§ **Supplied material**
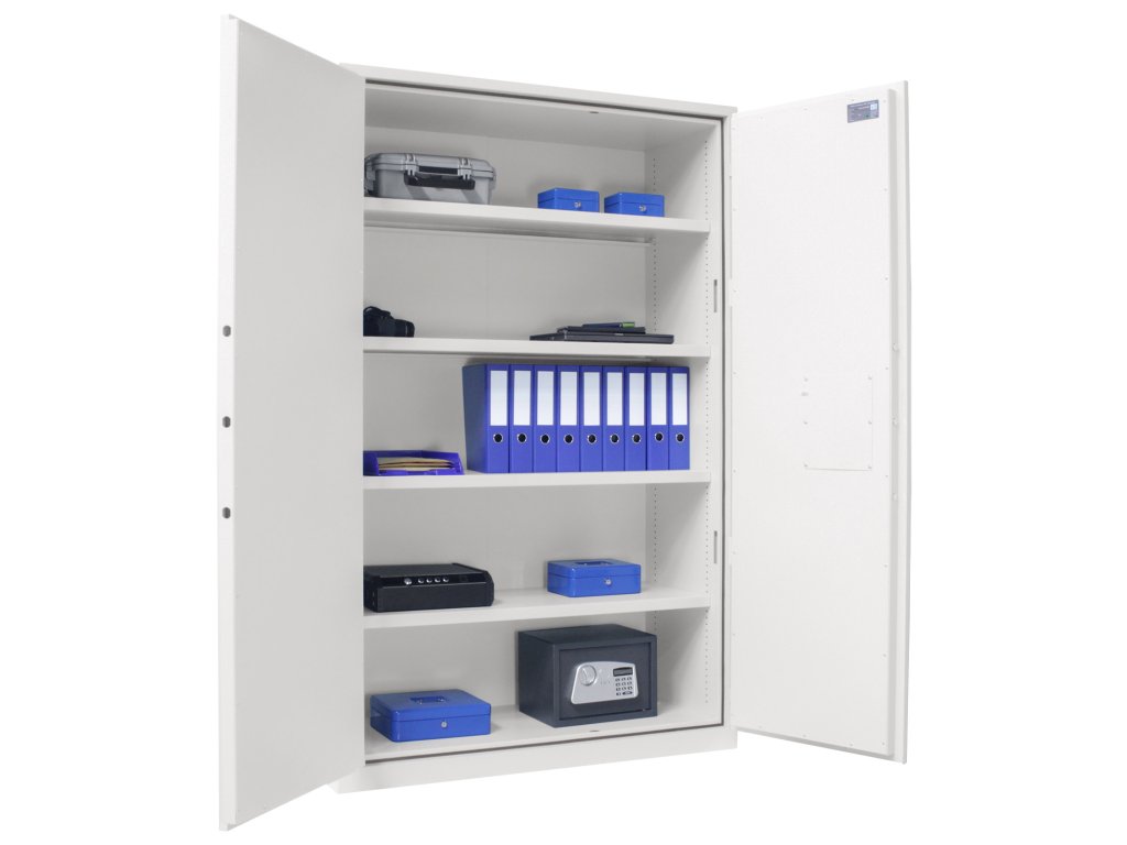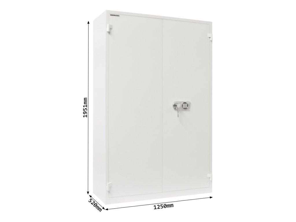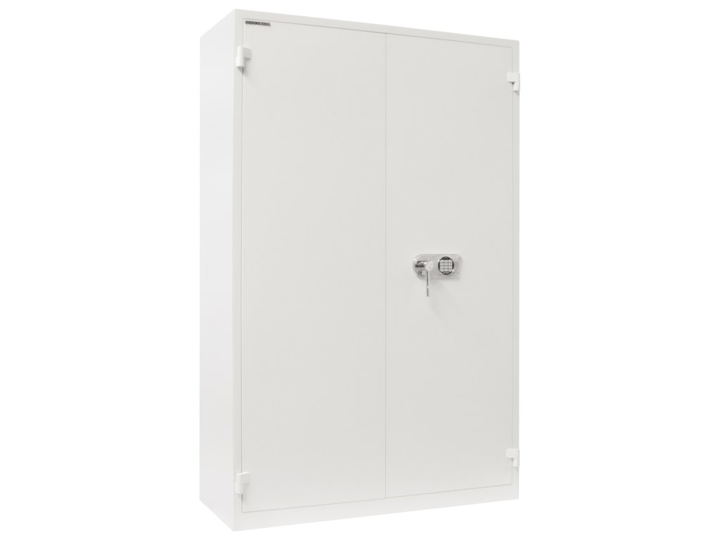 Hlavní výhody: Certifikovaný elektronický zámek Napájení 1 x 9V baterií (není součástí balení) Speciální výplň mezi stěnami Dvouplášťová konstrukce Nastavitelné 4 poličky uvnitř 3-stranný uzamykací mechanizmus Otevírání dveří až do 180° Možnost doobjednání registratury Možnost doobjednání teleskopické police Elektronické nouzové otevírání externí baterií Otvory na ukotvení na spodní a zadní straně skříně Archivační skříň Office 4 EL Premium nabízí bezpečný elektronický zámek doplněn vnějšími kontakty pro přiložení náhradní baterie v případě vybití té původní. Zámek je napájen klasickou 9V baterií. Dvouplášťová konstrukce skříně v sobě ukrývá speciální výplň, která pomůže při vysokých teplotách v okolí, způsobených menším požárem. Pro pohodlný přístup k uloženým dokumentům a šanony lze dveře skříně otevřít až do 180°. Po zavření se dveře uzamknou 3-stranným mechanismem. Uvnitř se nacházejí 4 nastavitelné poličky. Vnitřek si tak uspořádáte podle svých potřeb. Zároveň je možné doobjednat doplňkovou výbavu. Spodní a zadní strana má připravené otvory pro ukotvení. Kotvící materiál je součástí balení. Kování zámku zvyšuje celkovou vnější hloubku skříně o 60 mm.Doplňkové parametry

--

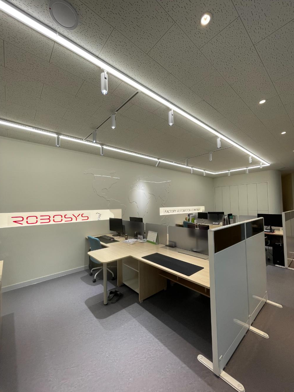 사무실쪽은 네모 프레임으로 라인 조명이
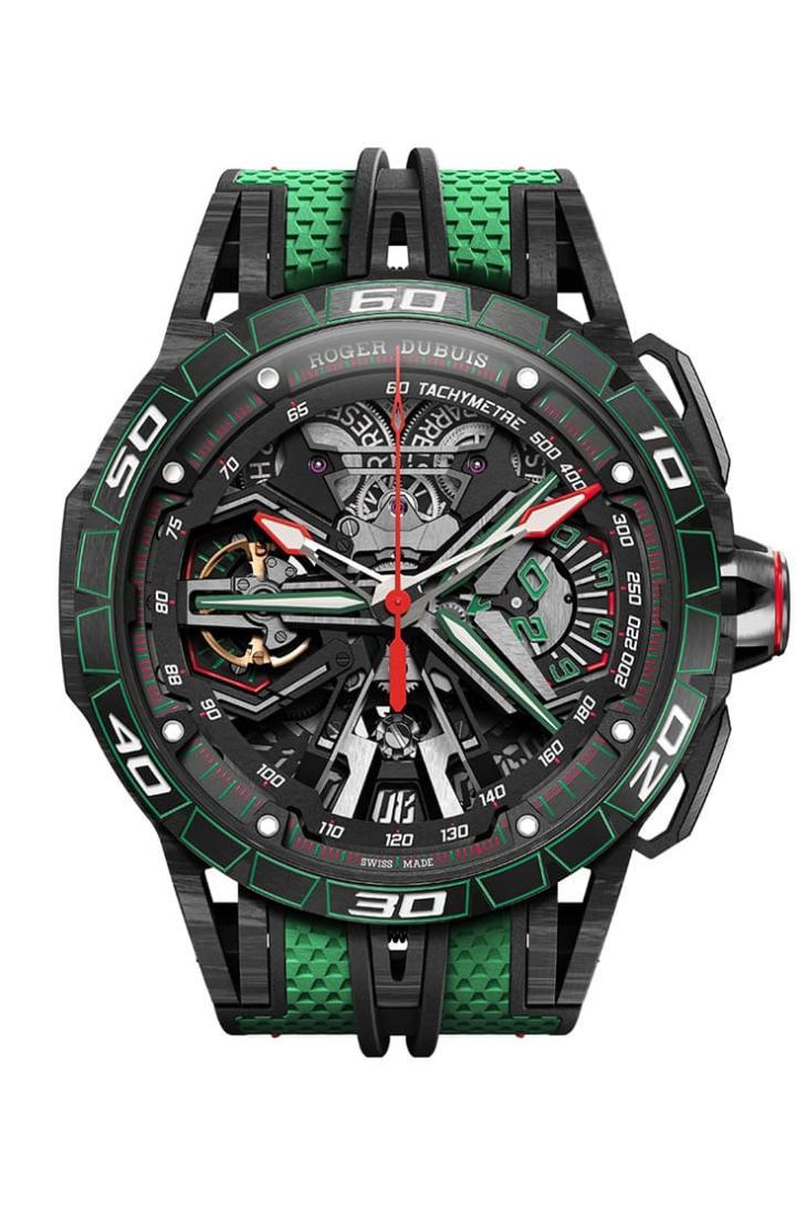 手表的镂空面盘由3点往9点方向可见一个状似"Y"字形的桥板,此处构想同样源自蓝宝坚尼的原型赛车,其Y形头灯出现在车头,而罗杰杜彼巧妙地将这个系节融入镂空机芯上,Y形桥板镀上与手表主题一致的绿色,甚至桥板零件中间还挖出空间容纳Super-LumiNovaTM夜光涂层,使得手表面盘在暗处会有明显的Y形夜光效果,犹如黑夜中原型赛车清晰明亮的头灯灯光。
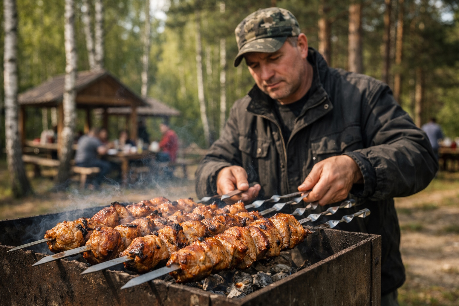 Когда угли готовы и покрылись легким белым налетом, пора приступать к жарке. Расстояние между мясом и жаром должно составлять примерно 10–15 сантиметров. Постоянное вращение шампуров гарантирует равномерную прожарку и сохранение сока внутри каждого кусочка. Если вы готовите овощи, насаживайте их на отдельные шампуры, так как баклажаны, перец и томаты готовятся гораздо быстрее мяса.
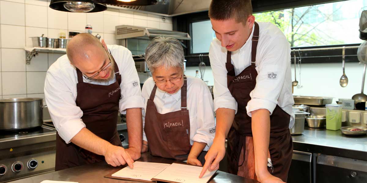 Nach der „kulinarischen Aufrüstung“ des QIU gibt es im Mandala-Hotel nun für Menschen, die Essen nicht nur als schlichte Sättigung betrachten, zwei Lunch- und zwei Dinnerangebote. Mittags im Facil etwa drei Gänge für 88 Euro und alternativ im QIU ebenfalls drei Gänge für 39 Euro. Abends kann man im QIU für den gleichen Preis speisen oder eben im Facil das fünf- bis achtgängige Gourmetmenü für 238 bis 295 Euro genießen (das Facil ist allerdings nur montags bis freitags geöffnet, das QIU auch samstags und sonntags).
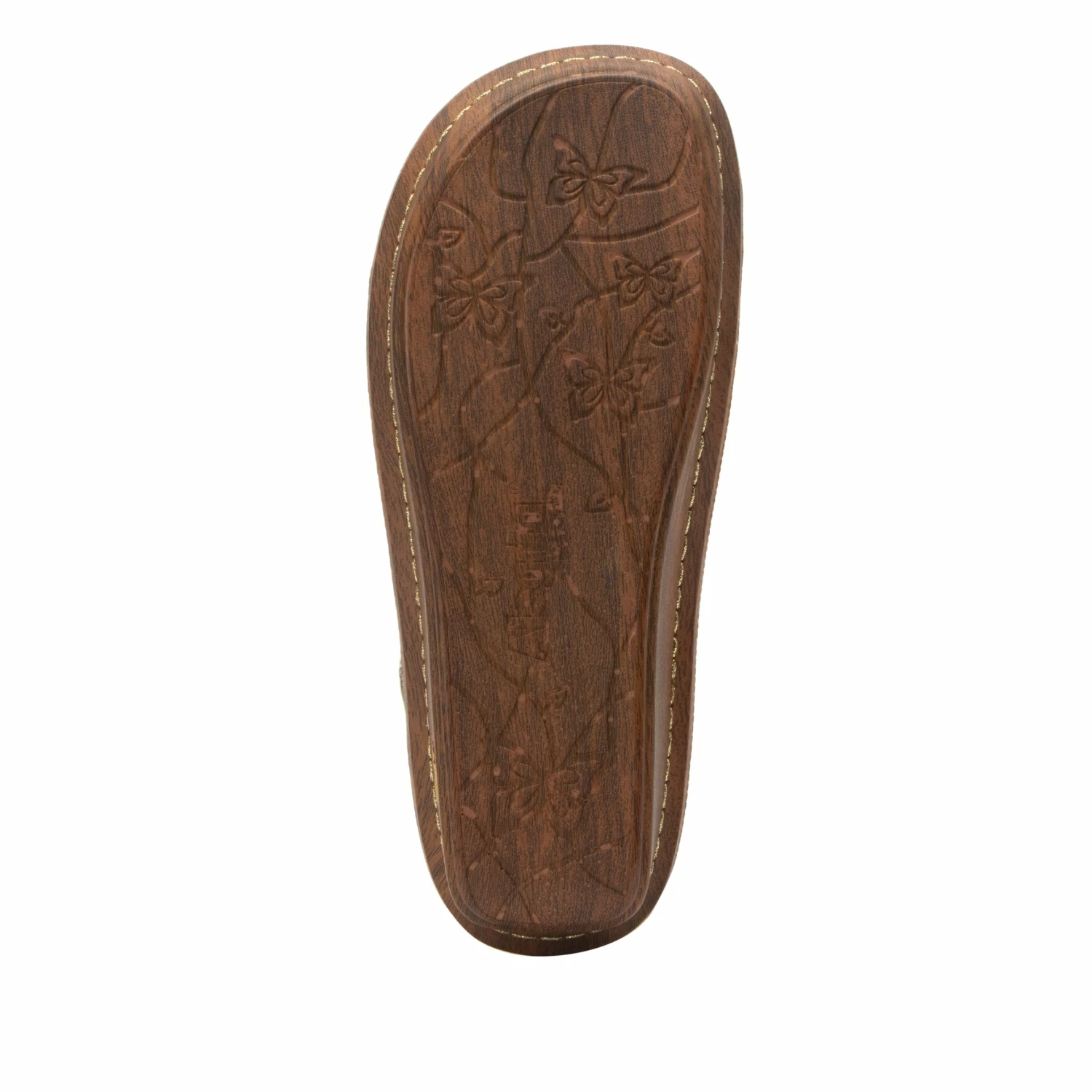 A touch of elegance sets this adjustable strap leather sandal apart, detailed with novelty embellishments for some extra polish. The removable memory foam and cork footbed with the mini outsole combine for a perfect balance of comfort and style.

--

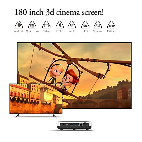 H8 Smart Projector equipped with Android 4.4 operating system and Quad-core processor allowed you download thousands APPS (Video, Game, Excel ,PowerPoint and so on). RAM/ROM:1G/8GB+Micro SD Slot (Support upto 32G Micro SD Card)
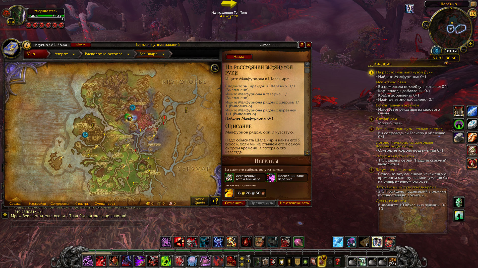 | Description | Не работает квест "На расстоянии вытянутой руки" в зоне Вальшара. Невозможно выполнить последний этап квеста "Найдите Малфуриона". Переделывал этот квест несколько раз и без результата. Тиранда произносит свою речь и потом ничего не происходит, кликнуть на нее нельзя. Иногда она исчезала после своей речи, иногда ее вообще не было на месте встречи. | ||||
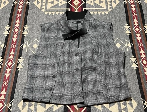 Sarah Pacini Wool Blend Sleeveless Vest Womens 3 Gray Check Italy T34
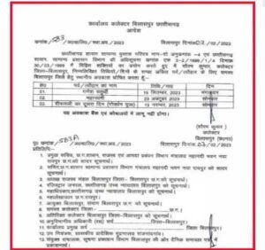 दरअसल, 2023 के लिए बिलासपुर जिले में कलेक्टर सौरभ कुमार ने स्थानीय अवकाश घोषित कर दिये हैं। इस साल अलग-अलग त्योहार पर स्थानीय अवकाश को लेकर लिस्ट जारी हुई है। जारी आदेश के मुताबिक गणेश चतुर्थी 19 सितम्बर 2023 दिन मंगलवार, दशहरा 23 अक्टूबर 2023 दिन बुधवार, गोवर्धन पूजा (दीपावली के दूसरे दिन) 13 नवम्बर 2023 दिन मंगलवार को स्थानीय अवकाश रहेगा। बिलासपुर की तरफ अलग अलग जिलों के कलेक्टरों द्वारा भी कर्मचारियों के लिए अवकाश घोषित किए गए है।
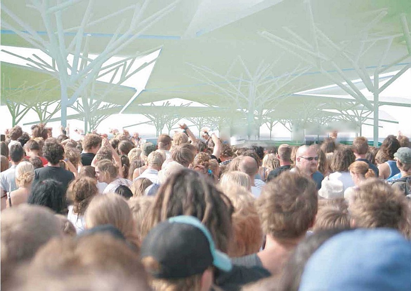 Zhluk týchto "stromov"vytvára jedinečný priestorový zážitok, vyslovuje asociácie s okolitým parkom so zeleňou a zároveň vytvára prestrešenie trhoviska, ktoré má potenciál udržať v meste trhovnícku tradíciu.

§ **Work item**
Which part of the entries opens with the line containing "Nach der „kulinarischen" and closes with the line containing "A touch of elegance"? Output that part exactly, ends included, pictures excluded.

§ **Answer below**
 Nach der „kulinarischen Aufrüstung“ des QIU gibt es im Mandala-Hotel nun für Menschen, die Essen nicht nur als schlichte Sättigung betrachten, zwei Lunch- und zwei Dinnerangebote. Mittags im Facil etwa drei Gänge für 88 Euro und alternativ im QIU ebenfalls drei Gänge für 39 Euro. Abends kann man im QIU für den gleichen Preis speisen oder eben im Facil das fünf- bis achtgängige Gourmetmenü für 238 bis 295 Euro genießen (das Facil ist allerdings nur montags bis freitags geöffnet, das QIU auch samstags und sonntags).
 A touch of elegance sets this adjustable strap leather sandal apart, detailed with novelty embellishments for some extra polish. The removable memory foam and cork footbed with the mini outsole combine for a perfect balance of comfort and style.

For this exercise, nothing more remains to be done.